Just open your eyes and take a long look around you.

If you’re an informed firearms enthusiast, you know how much has been lost since 1934.

Even if you lay aside gun rights issues, let me ask you some questions.

No, on second thought, let’s save the 50 questions for another posting, for now, lets just ask one:

When was the last time you built a bonfire on a beach, openly drank a beer and the presence of a policeman was absolutely no cause for concern? Hmmm?

I can’t help but wonder if Mr. Edward Arsenault wishes he’d joined that “hidden exodus” some time ago. His right to own a firearm rests only on the whim of a licensing board.

Still, regardless of the fact that these laws disarm only the law-abiding, the opposition sticks to its endless mantra that it’s the number of guns that’s responsible for the carnage:

“Fewer firearms on the street makes life safer for everyone,” said Robert F. Crowley, Quincy’s police chief. “The average citizen who has a gun 24-7 I don’t believe has the experience, knowledge, and training to know when and if they should use a firearm.”

To paraphrase somebody, your belief does not negate my rights.

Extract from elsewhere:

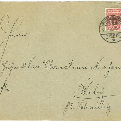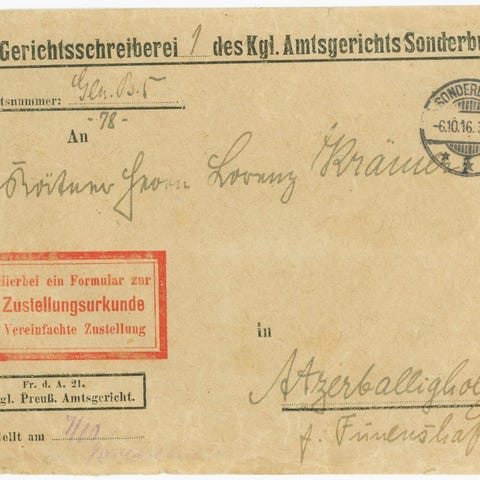 Ufrankeret tjenestebrev med fuldt indhold fra den Kgl. Herredsfoged i Augustenborg. Stemplet Augustenburg 27.5.1869, sendt til Kjær v. Sønderborg. Bagpå to Ausg. stempler fra 27.5. og 28.5. samt flot komplet og ubrudt laksegl med teksten ”Königl. Hardesvogtei Augustenburg ” og den tyske ørn. Forsendelse i bedste kvalitet.

Many attribute the drop to a 1998 state law, the Massachusetts Gun Control Act, and subsequent changes, which dramatically changed the gun licensing landscape by increasing fees and making it more difficult for people with old legal problems to renew their license.

It now costs $100 for a six-year license for a handgun, shotgun, or rifle. It costs $25 for a six-year permit for a chemical repellent, with no renewal fee. A lifetime permit for a rifle used to cost $2. It can take about two months to get a license.

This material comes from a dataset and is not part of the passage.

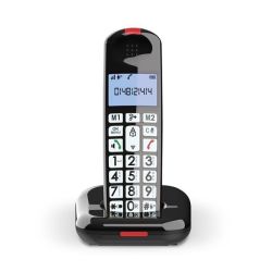 Téléphone sans fil Sénior - Ecran LCD 3 lignes - Larges touches - 2 touches en mémoires (raccourci M1 et M2) - Blocage des appels importuns - Fonction Mains libres - Répertoire 50 entrées - Compatible avec les appareils auditifs - Compatible avec les Box Internet - Autonomie de communication : 10 heures.
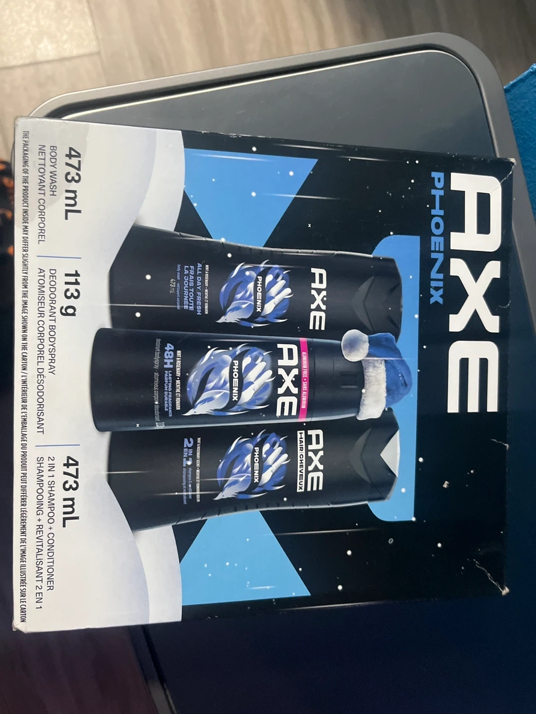 This Axe gift set includes body wash, deodorant body spray, and 2-in-1 shampoo + conditioner. All items are in the Phoenix scent. It's a great gift for anyone!

“People come in to renew and are shocked it’s $100,” said Keith MacPherson, deputy police chief in Waltham.

The power to tax is the power to destroy. As I have also noted, this is how it worked in England, as well. Make legal gun ownership expensive and onerous and the number of legal owners will decline. Increase the onerousness, and the decline will increase. It’s not worth the hassle to most people for whom guns are just (at best) recreational devices used about as often as a tennis racket. (Got one of those in your closet?) Once the number of legal owners declines far enough, the rest of the population becomes apathetic towards protecting the right to arms – and that right, for all practical purposes, ceases to exist. It’s $100 every six years now? Why not make it $100 annually? And you can only apply to renew on each third Wednesday of the month between 8:00 AM and 4:00PM (but not between 12:00 and 1:00). You must appear in person with a notarized copy of your birth certificate (a new copy for the file each year.) Certified check or money order only, and it must be for the exact amount – which will change by a few cents each year. Processing fees, you understand.

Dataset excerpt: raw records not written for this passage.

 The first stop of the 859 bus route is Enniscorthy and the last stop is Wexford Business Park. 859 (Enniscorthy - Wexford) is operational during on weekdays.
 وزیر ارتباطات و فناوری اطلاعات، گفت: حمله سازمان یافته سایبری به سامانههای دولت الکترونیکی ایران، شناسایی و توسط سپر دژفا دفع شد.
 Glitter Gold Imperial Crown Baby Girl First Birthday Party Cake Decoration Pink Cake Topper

What, that’s not a “reasonable restriction”? Says who?

Other New England states do not appear to have experienced a similar drop, although comparisons are hampered because permitting and records differ widely.

Limited data show that the number of nonresident permits have increased by more than half in Maine and have more than doubled in New Hampshire since 2000 and 2001, respectively. Pistol permits are down slightly in Rhode Island and are up slightly in Connecticut.

“We saw a big increase after 9/11,” said Sergeant William Gomane of Maine’s State Police.

Right, when some people figured out that they were responsible for their own protection. But it didn’t really sink in with the majority of the population.

The law in Massachusetts was changed in 1998, and in later years, so that anyone convicted of a violent felony is disqualified from ever obtaining a state license. Those convicted of a misdemeanor or a nonviolent felony are also disqualified for five years following conviction or release. People convicted of assault and battery on family members, or crimes involving drugs or guns, are also disqualified.

This is an expansion of U.S. Code Title 18, Chapter 44, Section 922 (g) (1) in which anyone “who has been convicted in any court of, a crime punishable by imprisonment for a term exceeding one year” no longer has a right to arms. Note that you don’t have to actually receive a sentence of more than one year, the charge just has to be one that can result in a sentence of more than one year.

Apparently stealing a chicken at age 9 qualifies.

It makes you wonder what else does, too, doesn’t it?

“A slew of people are now prohibited,” said Dennis Collier, a police captain in Revere.

You betcha!

Even before the new law, license applications were filed with local police chiefs, who have some discretion for granting or denying licenses. For instance, a person whose state and local background check shows he or she has been on trial for violent crimes, but not convicted, can be denied a license by the chief.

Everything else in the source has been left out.